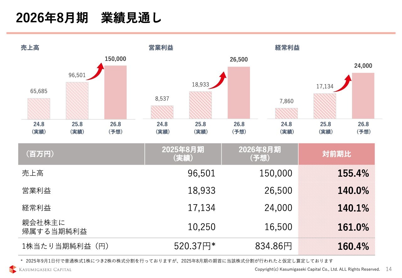 2026年8月期の業績見通しについてご説明します。売上高は1,500億円、営業利益は265億円、経常利益は240億円、そして当期純利益は従来公表の150億円ではなく、165億円としました。
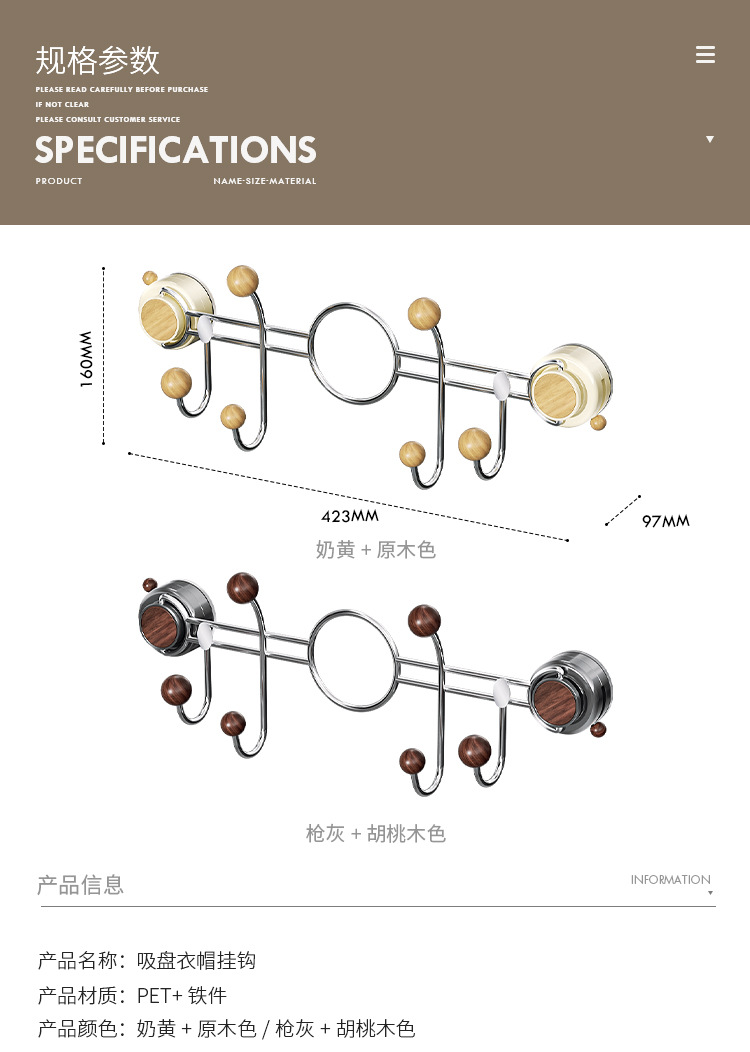 | Color | Color de la nuez (6 ganchos), color de la madera cruda (6 ganchos) |
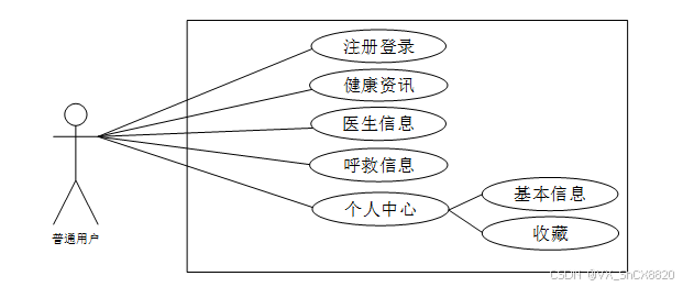 帮助老人健康管理小程序中普通角色用例图如图2.1所示:
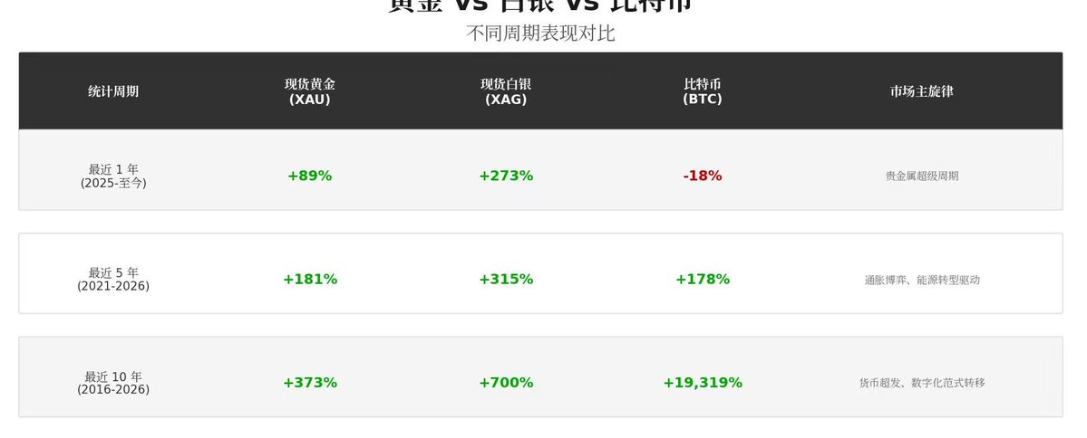 From a long-term perspective, Bitcoin remains one of the highest-returning assets. However, over the past year, Bitcoin's performance has clearly lagged behind that of gold and silver. The market trends from 2025 to early 2026 exhibit a stark binary divergence, with the precious metals market entering a phase referred to as a "super cycle," while Bitcoin appears somewhat sluggish. Below are comparison data from three key cycles:
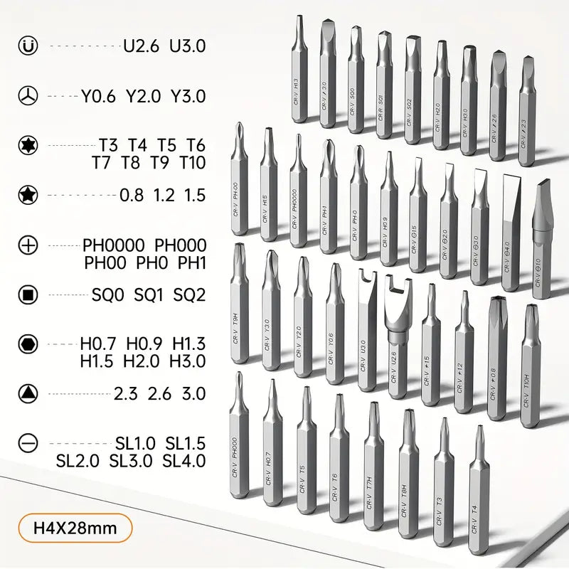 Parfait comme outillage réparation électronique: tournevis smartphone laptop, consoles, drones, lunettes, montres, appareils photo, jouets et projets DIY de précision.
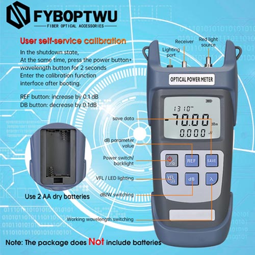 • 3 in 1 Function: Optical power meter & 10MW Visual Fault Locator (VFL) & LED Lighting. It Needs 2 x AAA Batteries.(Note: Batteries Not Included in package)
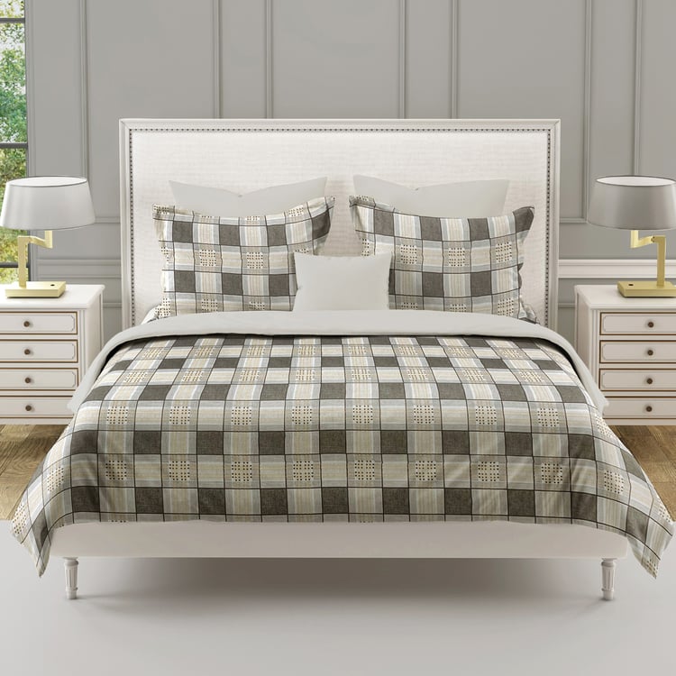 SWAYAM Ananda Cotton 210TC Checked 3Pcs Queen Bedsheet Set
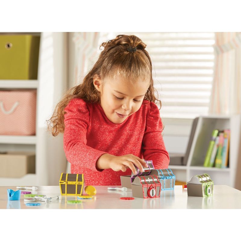 Contenido: 5 cofres el tesoro numerados en plástico, 5 llaves con formar geométricas en plástico, 5 tesoros sorpresas de 5 colores en plástico: pulpo, loro, sombrero, diamante y catalejo y guía de actividades.

TASK DIRECTIONS - Retype every entry above exactly and, please, skip the pictures.

COMPLETED EXERCISE -
 2026年8月期の業績見通しについてご説明します。売上高は1,500億円、営業利益は265億円、経常利益は240億円、そして当期純利益は従来公表の150億円ではなく、165億円としました。
 | Color | Color de la nuez (6 ganchos), color de la madera cruda (6 ganchos) |
 帮助老人健康管理小程序中普通角色用例图如图2.1所示:
 From a long-term perspective, Bitcoin remains one of the highest-returning assets. However, over the past year, Bitcoin's performance has clearly lagged behind that of gold and silver. The market trends from 2025 to early 2026 exhibit a stark binary divergence, with the precious metals market entering a phase referred to as a "super cycle," while Bitcoin appears somewhat sluggish. Below are comparison data from three key cycles:
 Parfait comme outillage réparation électronique: tournevis smartphone laptop, consoles, drones, lunettes, montres, appareils photo, jouets et projets DIY de précision.
 • 3 in 1 Function: Optical power meter & 10MW Visual Fault Locator (VFL) & LED Lighting. It Needs 2 x AAA Batteries.(Note: Batteries Not Included in package)
 SWAYAM Ananda Cotton 210TC Checked 3Pcs Queen Bedsheet Set
 Contenido: 5 cofres el tesoro numerados en plástico, 5 llaves con formar geométricas en plástico, 5 tesoros sorpresas de 5 colores en plástico: pulpo, loro, sombrero, diamante y catalejo y guía de actividades.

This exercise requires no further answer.